Washy, being compared to the great Mr Protz like that, have you no shame man?

Curmudgeon said...

I haven't invested in this (although I have considered it) but I think the comment made when the offer was originally made is a very fair one - it is more putting your money where your mouth is and joining a BrewDog supporters' club (with discounts) than a serious investment.

StringersBeer said...

Do you know, I didn't think the video was funny, so I mustn't have a sense of humour. Thanks for clearing that up Dave. Or maybe it's something to do with the day I've had. But it was obvious that the brewdog boys were enjoying themselves and that's what counts after all.

On the other hand, the idea of the new bd plant, to be built on greenbelt following local politicians' decision to ignore their officers recommendations and their own rules - that did make me laugh.

Tim said...

Its only a bad investment in the short term but the idea would be that in the long term, the shares will be worth more and there will be profit if he sells them.

It depends. Is theer an anti-dilution clause in the agreement? If another big investor steps up and buys a percetage in the company and new shares are created then that one share will dilute out further.

Reuben Gray - TaleOfAle said...

Yeah Dave if I am lucky I will make it back over next year some time.
I have to see how your beer is coming along. I will bring some of my own next time.

Anonymous said...

Let's hope that odd woman isn't there this time!


Leigh said...

well, if the portman group get their way you'll be struggling to stock any Tokyo at all unless the labelling is changed...

Sat In A Pub said...


They've picked your pocket and no mistake.

Sid Boggle said...

I asked James Watt at his recent LoveBeer@Borough 'meet the brewer' thing, if he felt that they'd have to consider their stake/shareholders when thinking up future stunts, and he (jokingly?) said that BrewDog had six weeks left before turning over a new leaf in 2010.

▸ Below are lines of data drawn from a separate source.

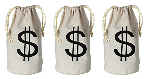 Product Description Beistle S57911AZ3 $ bag. The package contains 3 $ bags. They are made of an off-white cotton fabric with drawstrings. Each bag measures 8.5 inches tall by 6.5 inches wide. The "$" Sign is printed in black on the bags. Fill them with small candies or toys to give out as favors at a western themed party! 0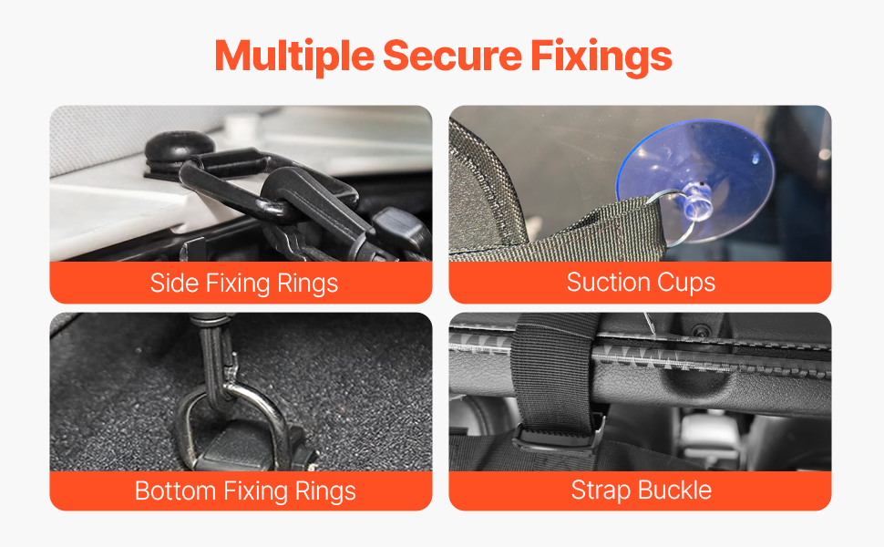 Equipped with square buckles and suction cups, our dog car barrier is quick to set up without any modifications to your vehicle. It provides an instant security barrier for you and your pet in no time.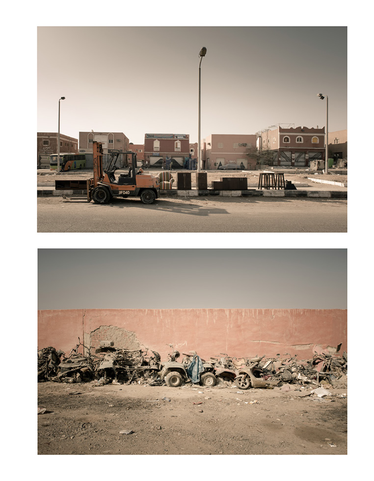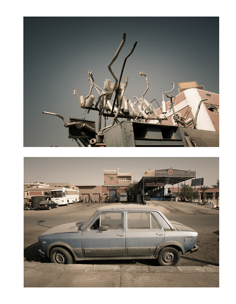 When one thinks of Sharm el-Sheikh immediately comes to mind vacation in large villages, including beautiful beaches, wonderful sea reefs and unforgettable excursions. But in Sharm el-Sheikh, outside the borders of tourism, is lived in a world that seems post-apocalyptic. From the desert land seem to flourish waste and carcasses, that as the memory, are waiting for a hopeful second life. What the tourism consumes and breaks, all seems to be on this land of sand that I wanted to call “Sandlandâ€. The disorder here is synonymous of life, of human presence, its real / fake residents. People from other Egyptian places who reside in Sharm only for work.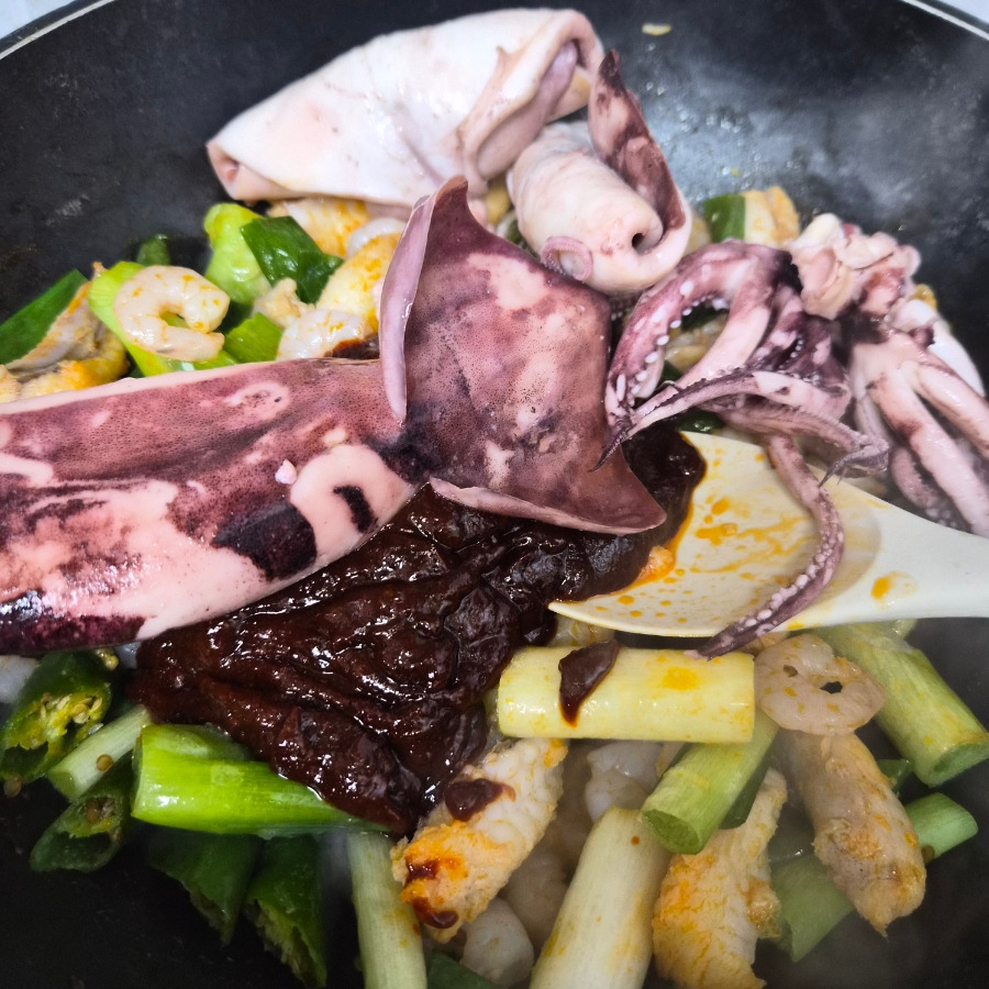 12. 불을 줄이고 나머지 오징어와 야채 그리고 청양고추 그리고 공장장님의 마법 소스를 투하한 후 잘 뒤적여줍니다. 골고루 소스가 묻도록 양손으로 뒤적입니다. 양손 스킬을 이용하니 대단한 요리하는 것 같은 느낌?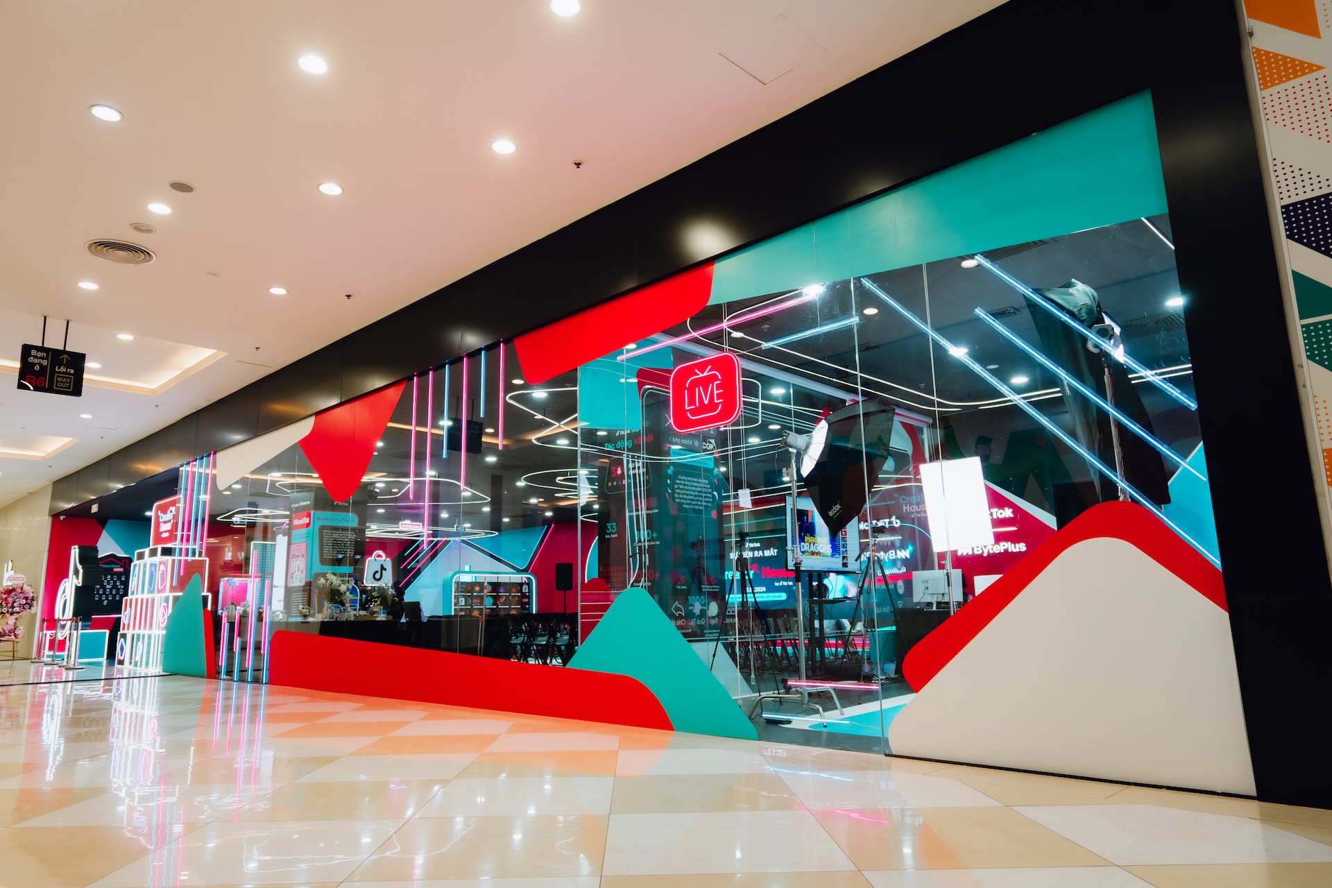 • Phòng LIVE khép kín (26m²): Trang bị hệ thống máy quay, âm thanh, ánh sáng và thiết bị phát sóng hiện đại, đáp ứng các tiêu chuẩn chuyên nghiệp về livestream. Đây là điểm nhấn đặc biệt dành cho cộng đồng sáng tạo nội dung, đặc biệt là các nhà sáng tạo tiếp thị liên kết trên TikTok Shop.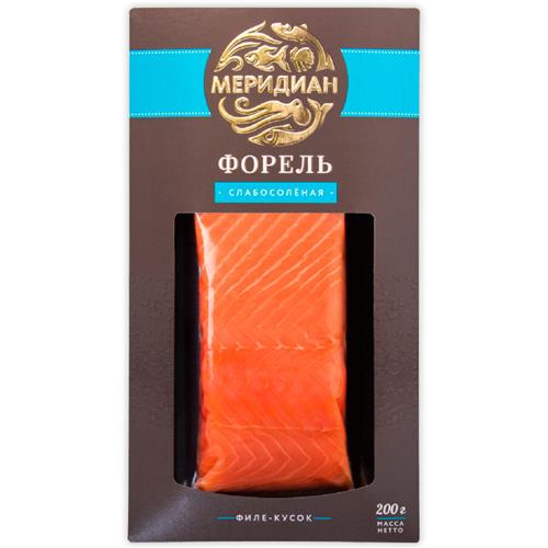 Форель Меридиан радужная филе-кусок с кожей слабосоленая охлажденная, 200г в магазинах Перекресток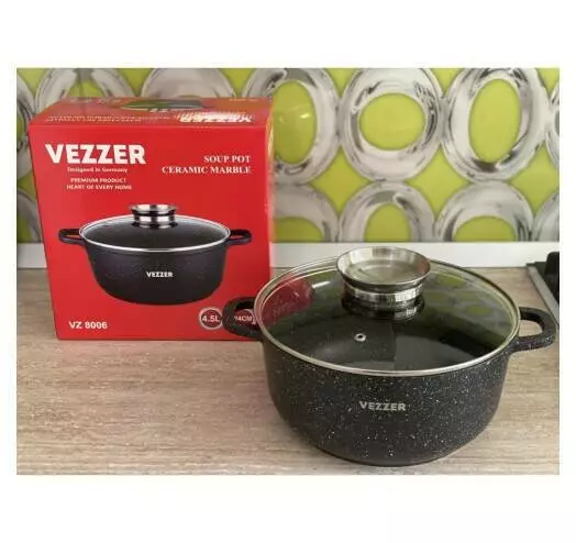 Каструля Vezzer VZ8040 4,5л з кришкою і мармуровим покриттям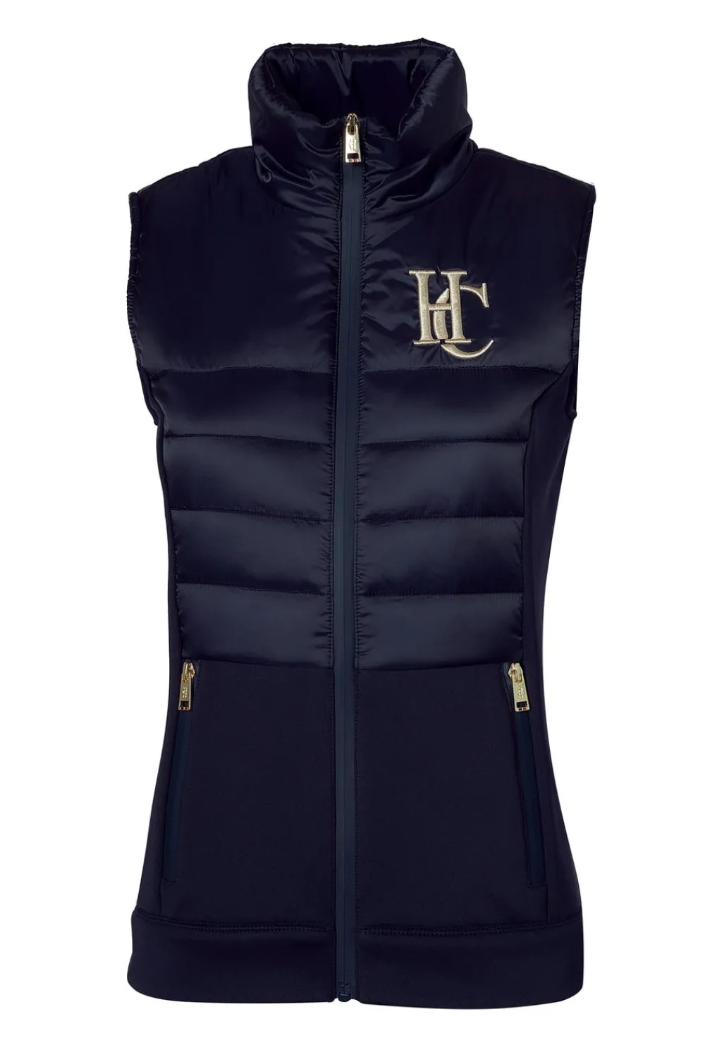 This gilet features a padded upper filled with Sorona™ for superior warmth. The high-density poly-nylon shell fabric ensures durability, while the performance jersey body enhances breathability and movement. Stay dry with waterproof zips on the front pockets and a coated zip closure. The high build embroidery on the back adds a touch of sophistication.

Looking at the numbers in the prospectus, Griffin got 12.5% of the company for £600K, valuing the business at £4.8m. The equityfor punks thing raises £2.1m to £2.3m which is supposed to equate to 9% of the business. I believe the efp shares are non-diluting and non-tradable until 2012, but I was losing the will to leave by that part of the offer document ;-)

Curmudgeon said...

It sounds as though BrewDog may well be forced to skulk home with their tail between their legs:

BrewDog, the controversial Scottish brewer, could be forced to cancel plans to raise £2.3m via an issue of 10,000 shares unless it can find more investors in the next two weeks.

The group is seeking to raise the money through what it calls its 'Equity for Punks' share offer to fund expansion projects, including a new brewery facility.

But to comply with the terms and conditions of the share offer BrewDog needs to raise £500,000 by January 8, 2010, and has admitted it needs to find more people willing to buy shares, priced at £230 each by that date.